We would like to propose enabling Redis for a pluggable and modular compression for RDB instead of the current hard-coded LZF compression implementation. Compression would be placed behind a well-defined interface and new compression scheme and algorithm could be used without further changes to Redis Core. The change will not only extend the current behavior but will also make Redis ready to accept future compression schemas.

Big Data Databases like Cassandra, HBase etc. have also already adopted similar concept for compression feature.

Please let me know what you think.

Thanks! Fatima

Comment From: hpatro

I think this will be a good feature addition.

LZ4 compression seems to provide similar compression ratio with much faster compress/decompress rate. https://github.com/lz4/lz4

WDYT @oranagra @madolson ?

Comment From: oranagra

we can certainly do that, maybe as part of a bigger effort to make other things extensible (like disk / file access, same as we did for sockets). but please note a few things. 1. redis currently uses compression for both rdb format (compressing while saving), and also holding some compressed data in ram (quicklist). 2. changing the compression format of the rdb file (by loading a module) would obviously make the rdb files incompatible with other redis instances (who don't have that module).

Comment From: madolson

I think it's probably worth adopting LZ4 into the project. It's rather small and provides some small performance and density improvements. As part of that work, we could look into making the compression extensible?

Comment From: hpatro

@oranagra changing the compression format of the rdb file (by loading a module) would obviously make the rdb files incompatible with other redis instances (who don't have that module).

Yeah I was thinking about the same. This feature/compression-type should be enabled by admin only after the entire cluster is upgraded to the supported version. The other thought which I had which is only applicable for replication is to fallback to lzf compression on receiving error about the new compression method.

@madolson It's rather small and provides some small performance and density improvements

I did try integrating lz4 (10 MB additional package size for lz4 subproject commit ecf92d0897587c0f641df9db83c910fd236cb18a) with Redis. The redis binary size increases from 2671296 to 2772440 bytes.

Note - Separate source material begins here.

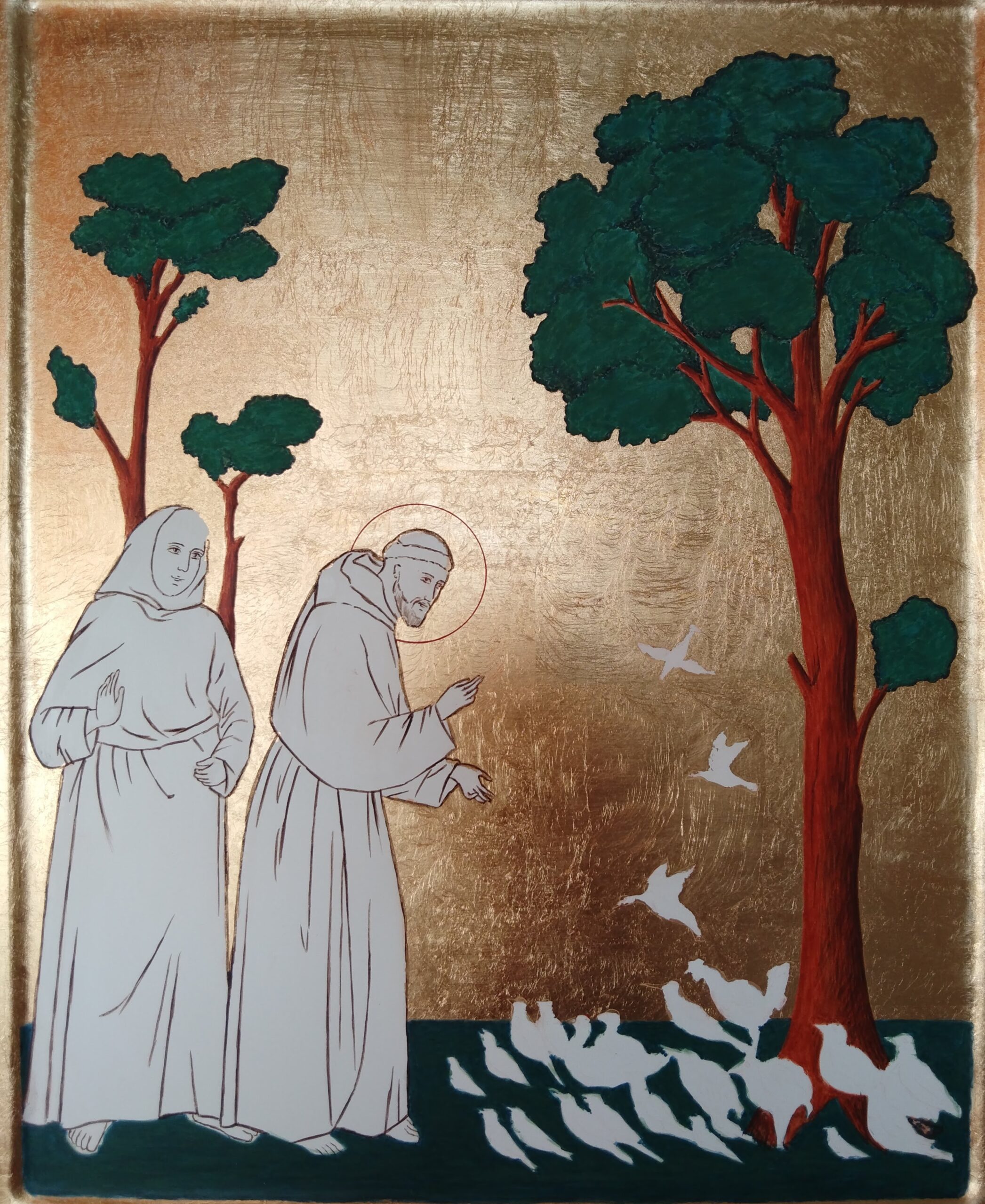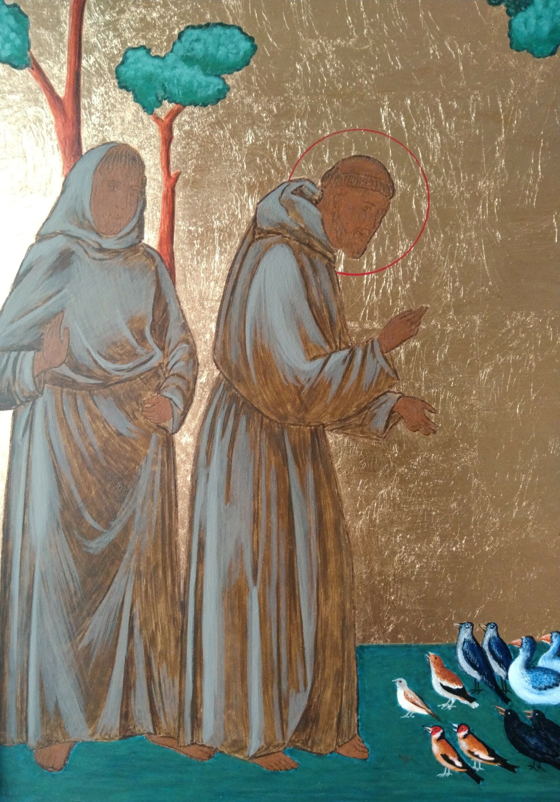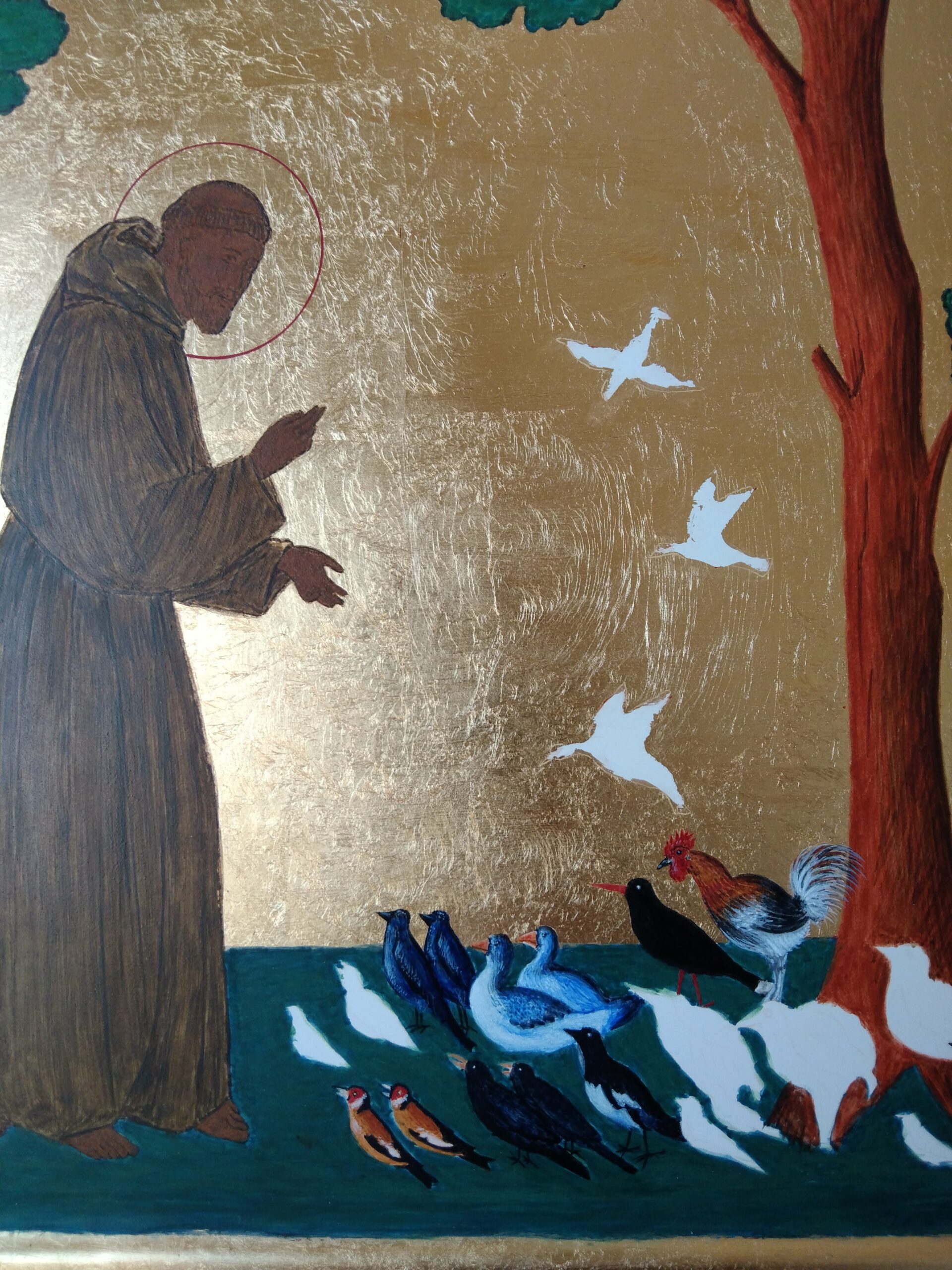 La commande reçue était « St François prêchant aux oiseaux » dans le style du peintre italien Giotto du XIVème siècle.

The performance improvement was really good with dummy redis-benchmark data.

Data generation:

src/redis-benchmark -t set -n 1000000 -q -d 20000 -r 1000000

Performance:

Compression Type BGSAVE time (sec) RDB size (Mb) load time (sec)
LZ4 1089 8612.88 18.918
LZF 1251 12405.38 32.34

This experiment was done on my Mac (2.6 GHz 6-Core Intel Core i7), could have noise but gives a ballpark about the improvements we could achieve.

Comment From: madolson

@oranagra @yossigo Do you guys have any concerns importing LZ4 into the project? It's both faster and better than LZF, so it seems like it's basically free outside of the extra code complexity of needing the backwards compatibility of LZF. We can independently evaluate adding more extensibility as we do the work.

Comment From: oranagra

I'm okay with changing the compression with a better and having rgb format change, but I don't wanna have it configurable and I don't wanna keep changing it again and again, so we need to switch only if we think the one we use now is outdated and the new one is here to stay. Also, looks like LZ4 code base quite large

Comment From: madolson

I'm okay with changing the compression with a better and having rgb format change, but I don't wanna have it configurable and I don't wanna keep changing it again and again, so we need to switch only if we think the one we use now is outdated and the new one is here to stay.

I agree.

Also, looks like LZ4 code base quite large

I believe we just need the .c/.h file, https://github.com/lz4/lz4/blob/dev/lib/lz4.c.

Comment From: oranagra

yes, still some 3500 compared to some 500 we have today, but i guess it's still ok.